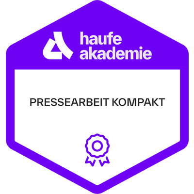 Empfänger:innen dieses Badges haben an einer betrieblichen Weiterbildung der Haufe Akademie teilgenommen. Die betriebliche Weiterbildung vermittelte profundes Wissen und Kompetenzen mit höchsten Anforderungen an Aktualität, Qualität und Praxisrelevanz. Ausgewählte Top-Referent:innen, State-of-the-Art Inhalte und erprobte Lerntransfertools befähigen die Empfänger:innen dieses Badges dazu, das vermittelte Know-how wirksam in die Praxis umzusetzen.
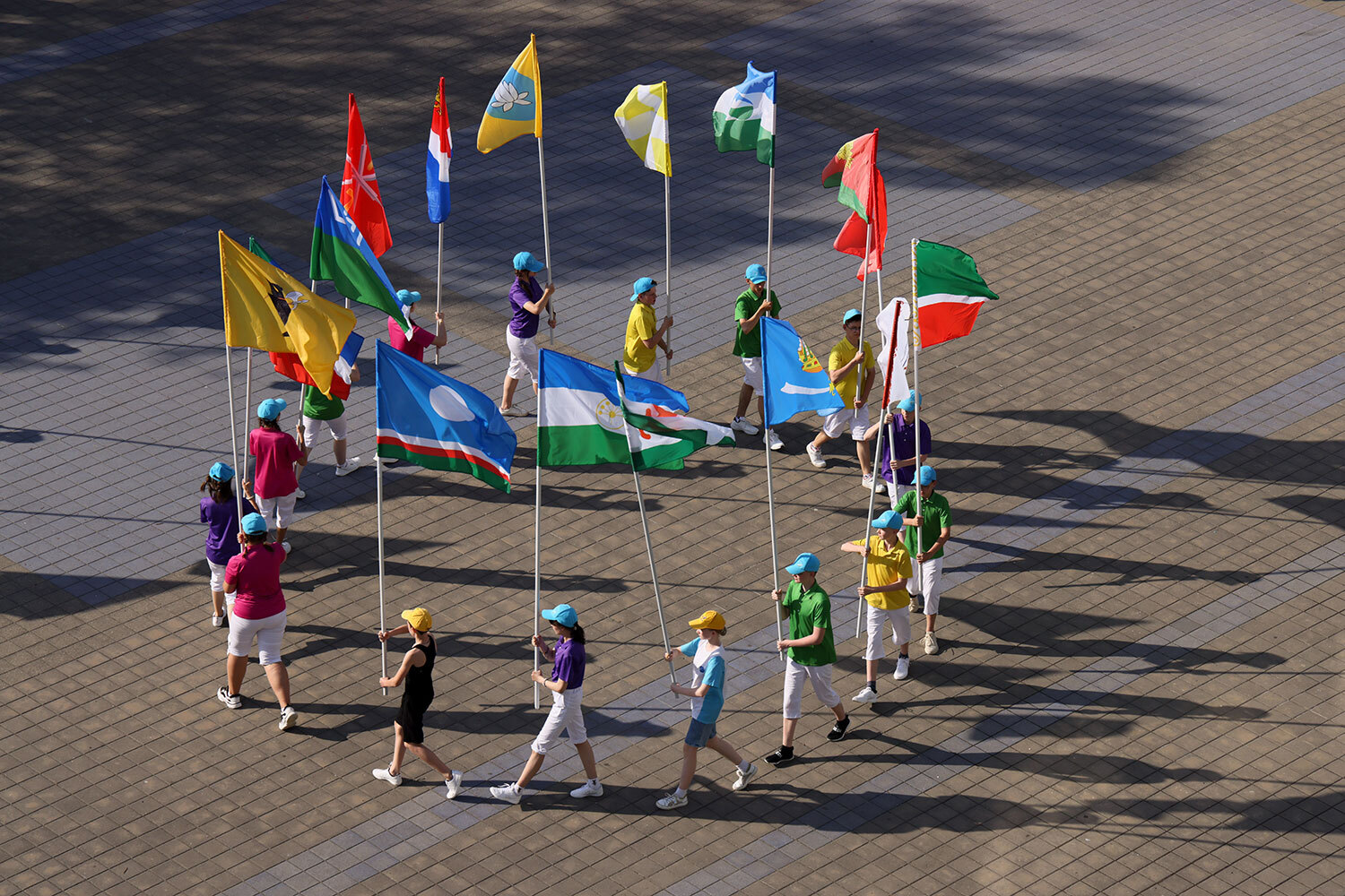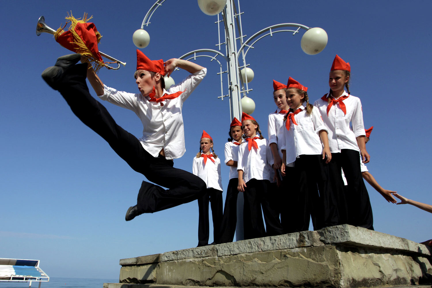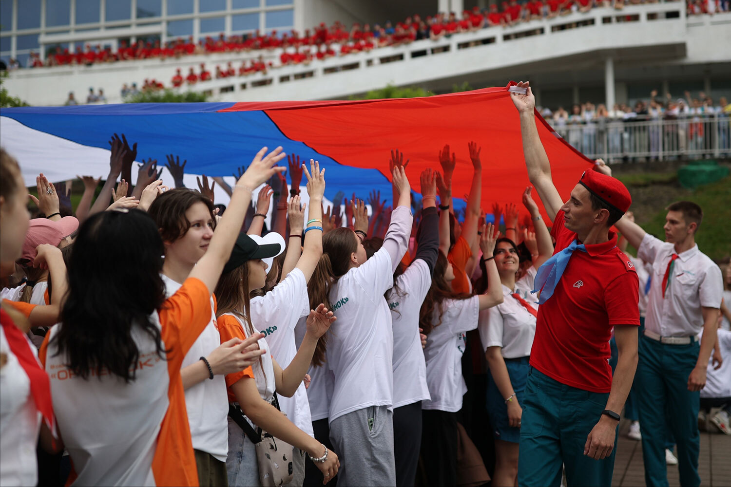ITAR-TASSГимном лагеря считается песня «Орлята учатся летать»: «Орлята учатся летать. / Им салютует шум прибоя, / В глазах их – небо голубое… / Ничем орлят не испугать, / Орлята учатся летать». Песню написали композитор Александра Пахмутова и поэт Николай Добронравов в 1965 г. В 1990-х ее переосмыслили музыканты из группы «Любэ». Они пели про героев новой России: «Орлята учатся летать. / Прости, страна, забавы их, / Прости, народ российский. / Птенцов окраин городских / Ждет дальний путь армейский. / Орлята учатся летать».
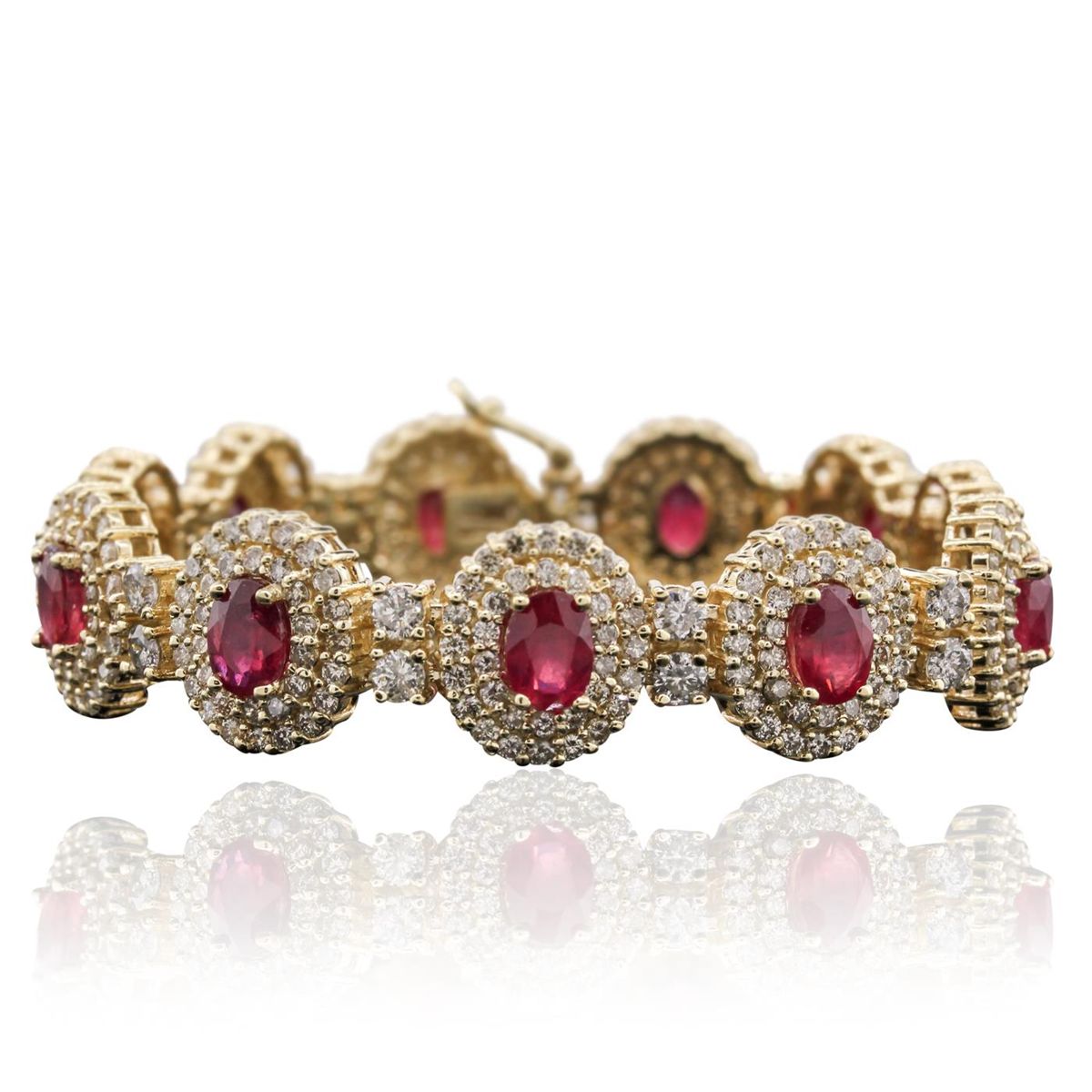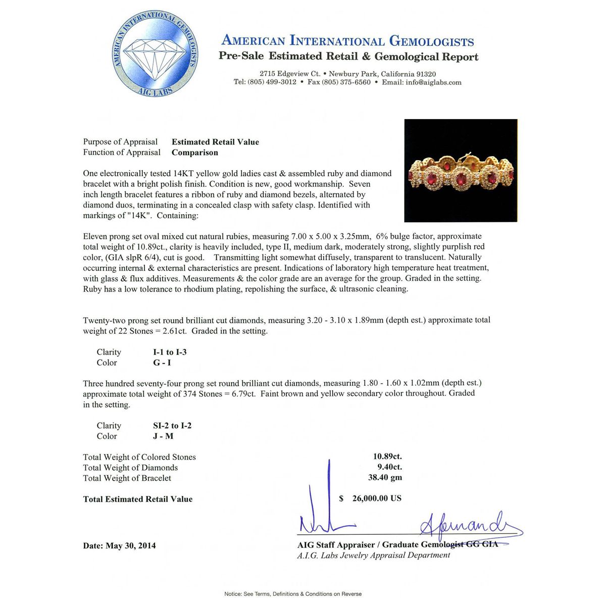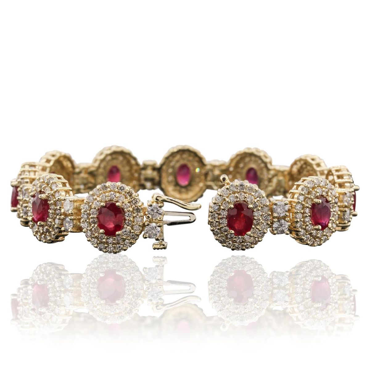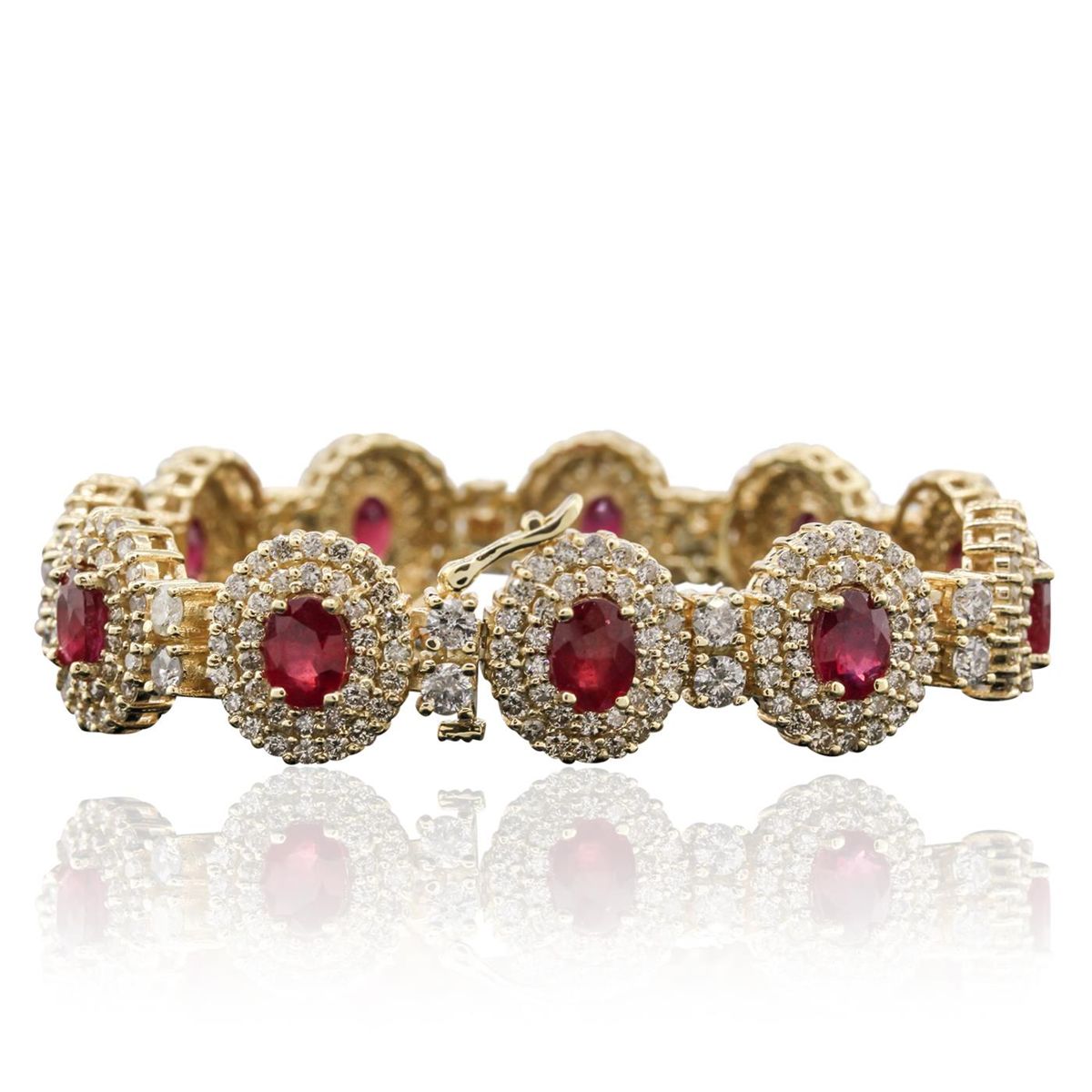 One electronically tested 14KT yellow gold ladies cast & assembled ruby and diamond bracelet with a bright polish finish. Condition is new, good workmanship. Seven inch length bracelet features a ribbon of ruby and diamond bezels, alternated by diamond duos, terminating in a concealed clasp with safety clasp. Identified with markings of "14K". Containing: Eleven prong set oval mixed cut natural rubies, measuring 7.00 x 5.00 x 3.25mm, 6%. bulge factor, approximate. Total Weight of 10.89ct., clarity is heavily included, type II, medium dark, moderately strong, slightly purplish red color, (GIA slpR 6/4), cut is good. Transmitting light somewhat diffusely, transparent to translucent. Naturally occurring internal & external characteristics are present. Indications of laboratory high temperature heat treatment, with glass & flux additives. Measurements & the color grade are an average for the group. Graded in the setting. Ruby has a low tolerance to rhodium plating, repolishing the surface, & ultrasonic cleaning. Twenty-Two prong set round brilliant cut diamonds, measuring 3.20 - 3.10 x 1.89mm (depth est.) approximate. Total Weight of 22 Stones = 2.61ct. Graded in the setting. Clarity: I-1 to I-3. Color: G - I Three Hundred Seventy-Four prong set round brilliant cut diamonds, measuring 1.80 - 1.60 x 1.02mm (depth est.) approximate. Total Weight of 374 Stones = 6.79ct. Faint brown and yellow secondary color throughout. Graded in the setting. Clarity: SI-2 to I-2. Color: J - M. Total Weight of Colored Stones 10.89ct. Total Weight of Diamonds 9.40ct. Total Weight of Bracelet 38.40 grams. AIG Appraised at $26,000.00.
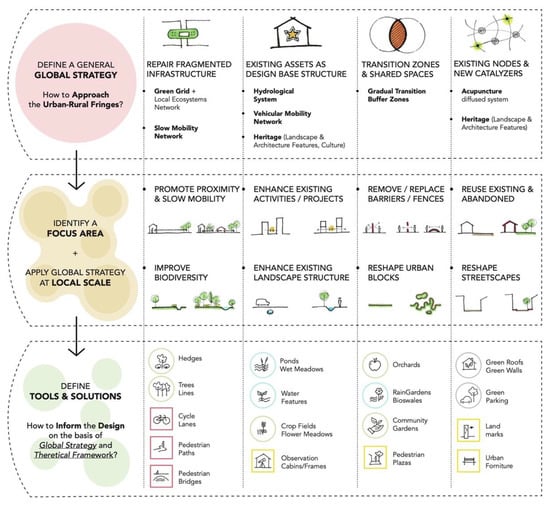 Regarding the research area, the local traditional rural and architectural elements were selected based on the site’s particular features. In the case of replication in a different site, similar but site-specific elements should be identified, and the methodology adapted to the local idea/characteristics. Based on these findings, an overall strategy can be articulated comprising multivalent and site-specific tools. The aim is to enhance the connectivity between city and traditional rural landscape, and reverse the fragmentation, degradation and loss of ES occurring by urban sprawl pressure.
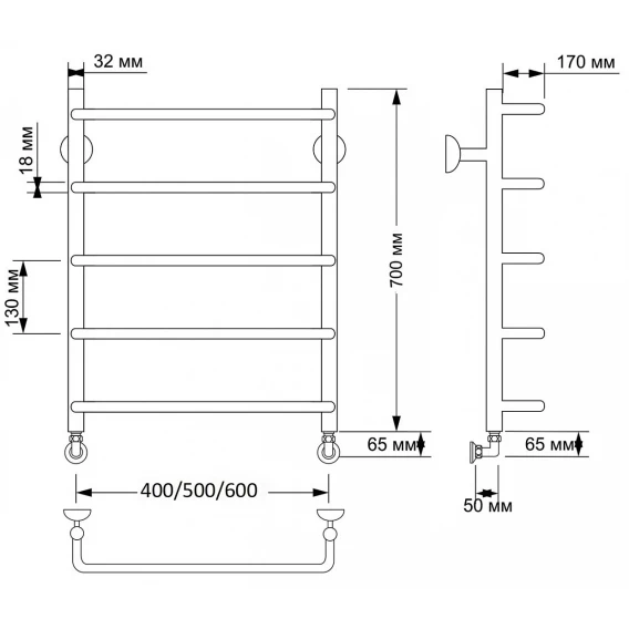 Полотенцесушитель водяной 600x632 Secado Мерида 5 4603777445836
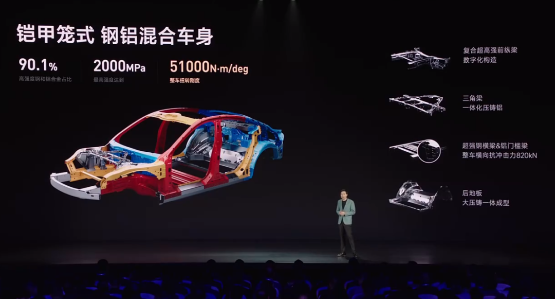 说到安全,在车身的结构上,小米SU7采用有复合超高强前纵梁、一体化压铸铝的三角梁、超强钢横梁&铝门槛梁以及大压铸一体成型的后地板等技术,整车具有抵抗820kN的横向冲击力,即使面对严苛的碰撞工况也能保持稳定。
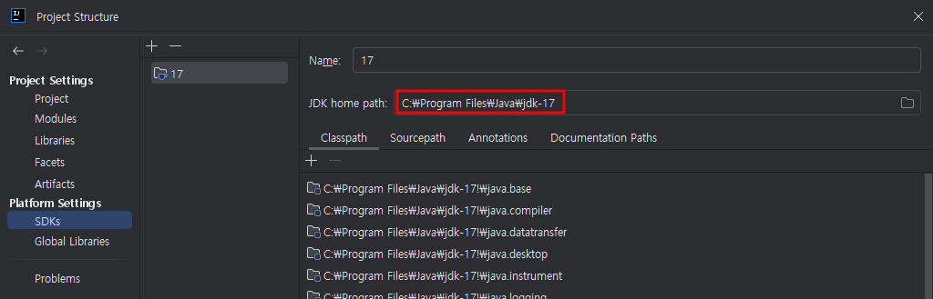 사용한 jdk 버전은 인텔리제이 기준으로 File → Project Structure → SDKs 에서 확인 가능하다.
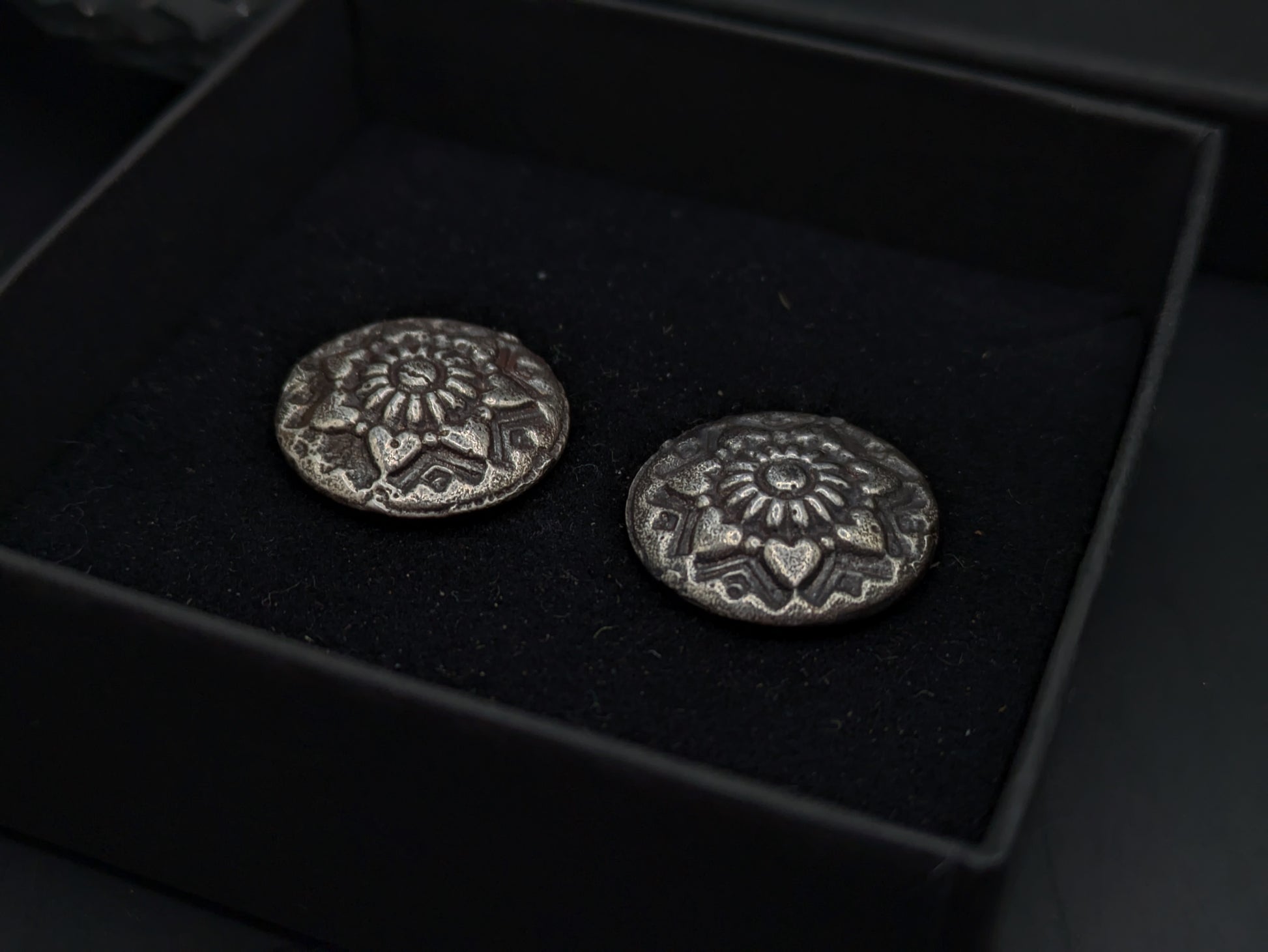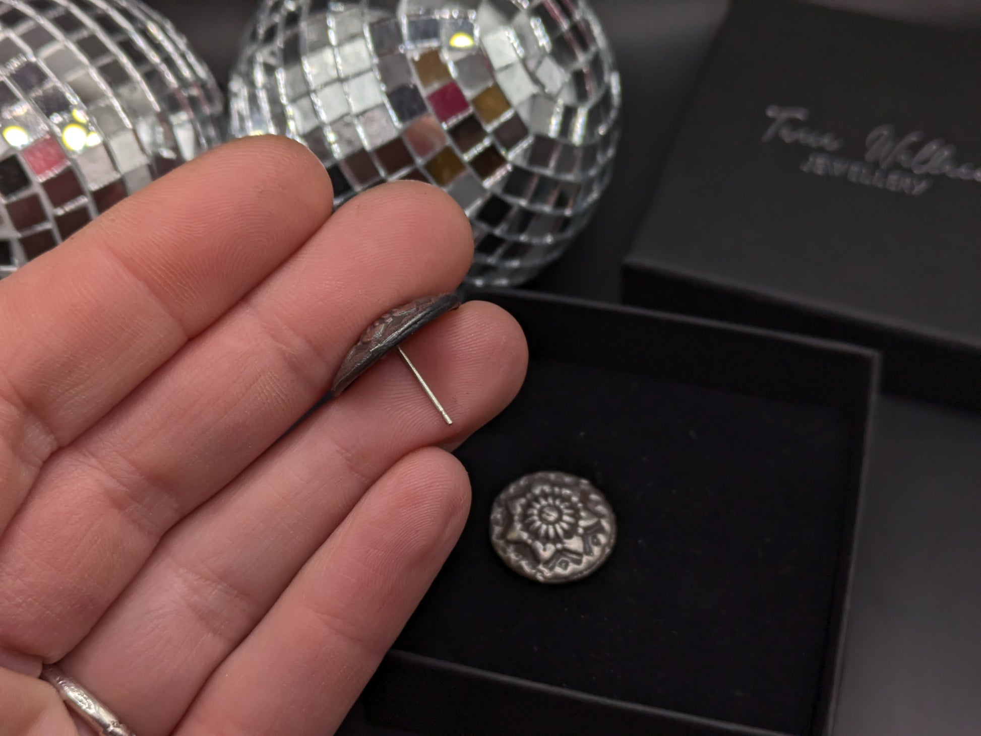 Gorgeous sand cast stud earrings which I cast from antique buttons that I bought from a really lovely lady at an antique event in Carmarthen last year.
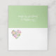 Hübsche Hochzeitsgefaltete Platzkarte in Weiß und Grün, mit einer farbenfrohen kleinen, blumengeschmückten Herzform, auf der Vorderseite. Personalisieren Sie von Hand für jede Person am Empfang.
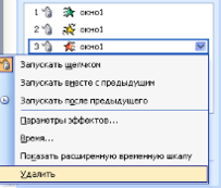 Обратите внимание в рабочей области появились три кнопки с порядковыми номерами выбранных эффектов, а в области задач список выбранных эффектов. Щелчком по любому пункту этого списка (или по соответствующей кноке в рабочей области) можно инициировать появление кнопки раскрывающегося списка команд справа от названия эффекта в списке, который позволяет определять дополнительные параметры эффекта, а также удалять их.
☆ ☆ ☆
> [PROBLEM REQUIREMENTS]:
Only the lines from the one containing "Hübsche Hochzeitsgefaltete Platzkarte" through the final line of the data are to be written out, exactly as they stand and without pictures.

> [RESULT OF THE TASK]:
 Hübsche Hochzeitsgefaltete Platzkarte in Weiß und Grün, mit einer farbenfrohen kleinen, blumengeschmückten Herzform, auf der Vorderseite. Personalisieren Sie von Hand für jede Person am Empfang.
 Обратите внимание в рабочей области появились три кнопки с порядковыми номерами выбранных эффектов, а в области задач список выбранных эффектов. Щелчком по любому пункту этого списка (или по соответствующей кноке в рабочей области) можно инициировать появление кнопки раскрывающегося списка команд справа от названия эффекта в списке, который позволяет определять дополнительные параметры эффекта, а также удалять их.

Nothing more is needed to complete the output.